Functional analysis of glucocorticoid induced transcript 1(GLCCI1)

• Project/Area Number: 21591398
• Research Category: Grant-in-Aid for Scientific Research (C)
• Allocation Type: Single-year Grants
• Section: 一般
• Research Field: Pediatrics
• Research Institution: Kyorin University
• Principal Investigator: YAN Kunimasa 杏林大学, 医学部, 教授 (70255389)
• Co-Investigator(Kenkyū-buntansha): AKIMOTO Yoshihiro 杏林大学, 医学部, 准教授 (60184115) ; ISHIGAKI Yasuhito 金沢医科大学, 医学部, 講師 (20232275)

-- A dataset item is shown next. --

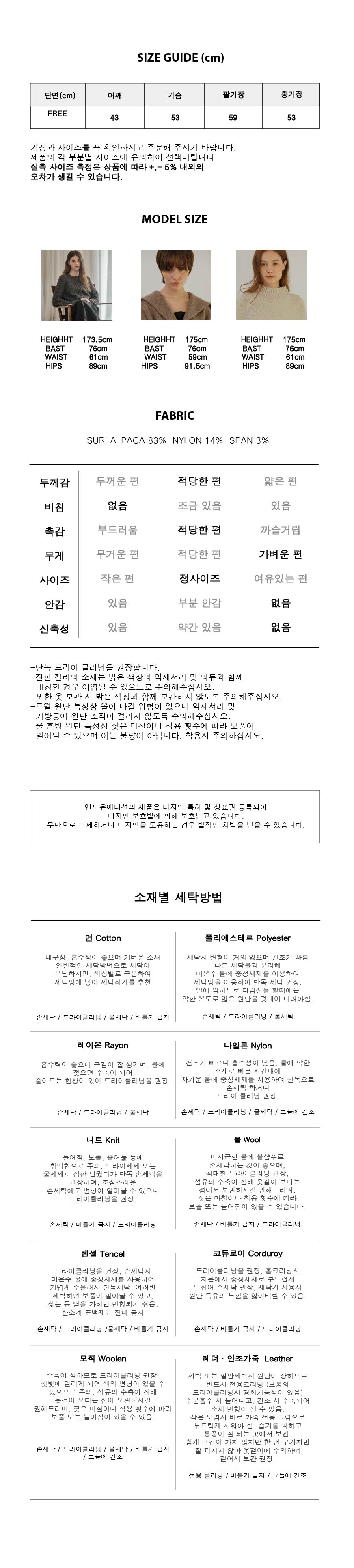Dry Cleaning Only(첫 세탁은 드라이클리닝을 권장하며 찬물 손세탁을 권장합니다. 세탁 시 의류에 부착된 케어라벨을 확인부탁드립니다.)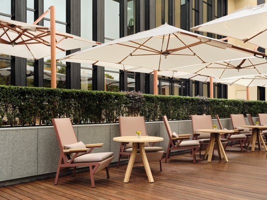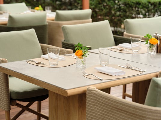 Kettalのモダンな家具を配し、新たな装いでリニューアルした「エンバ・キョウト・グリル」のテラス席

• Project Period (FY): 2009 – 2011
• Project Status: Completed (Fiscal Year 2011)
• Budget Amount: ¥4,680,000 (Direct Cost: ¥3,600,000、Indirect Cost: ¥1,080,000); Fiscal Year 2011: ¥910,000 (Direct Cost: ¥700,000、Indirect Cost: ¥210,000); Fiscal Year 2010: ¥1,300,000 (Direct Cost: ¥1,000,000、Indirect Cost: ¥300,000); Fiscal Year 2009: ¥2,470,000 (Direct Cost: ¥1,900,000、Indirect Cost: ¥570,000)

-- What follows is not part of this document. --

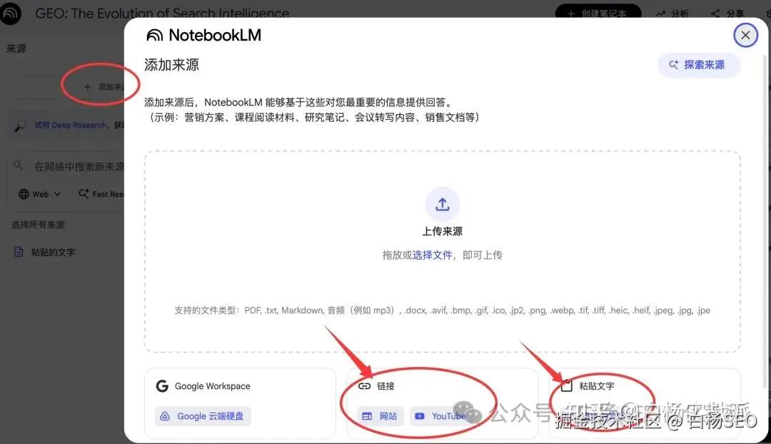 第三,我们在想要做什么之前,需要把内容上传到这个notebooklm里,点添加来源,操作如图。

• Keywords: 糖質ステロイド / Ｔ細胞 / アポトーシス / Glcci1 / Dlc8 / PAK1 / T細胞 / 胸腺 / 細胞内骨格 / ステロイド / 精巣 / 糸球体 / ネフローゼ

Research Abstract

The aim of the present study was to identify the protein function of GLCCI1, a novel gene induced by synthetic glucocorticoid. We found that GLCCI was a tubulin-associated phosphoprotein migrated at ～70 kDa that was induced via glucocorticoid-glucocorticoid receptor complex. We also found that both PAK1 anddynein-light chain 8 were the ligand proteins of GLCCI1, and that GLCCI1 interfered the PAK1 kinase activity against LC8 biogenesis, which led to T cell apoptosis. Our data suggested that the functional implication of GLCCI1 in PAK1-LC8 interaction might be a novel downstream cascade resembling synthetic glucocorticoid action as an immunosuppressant.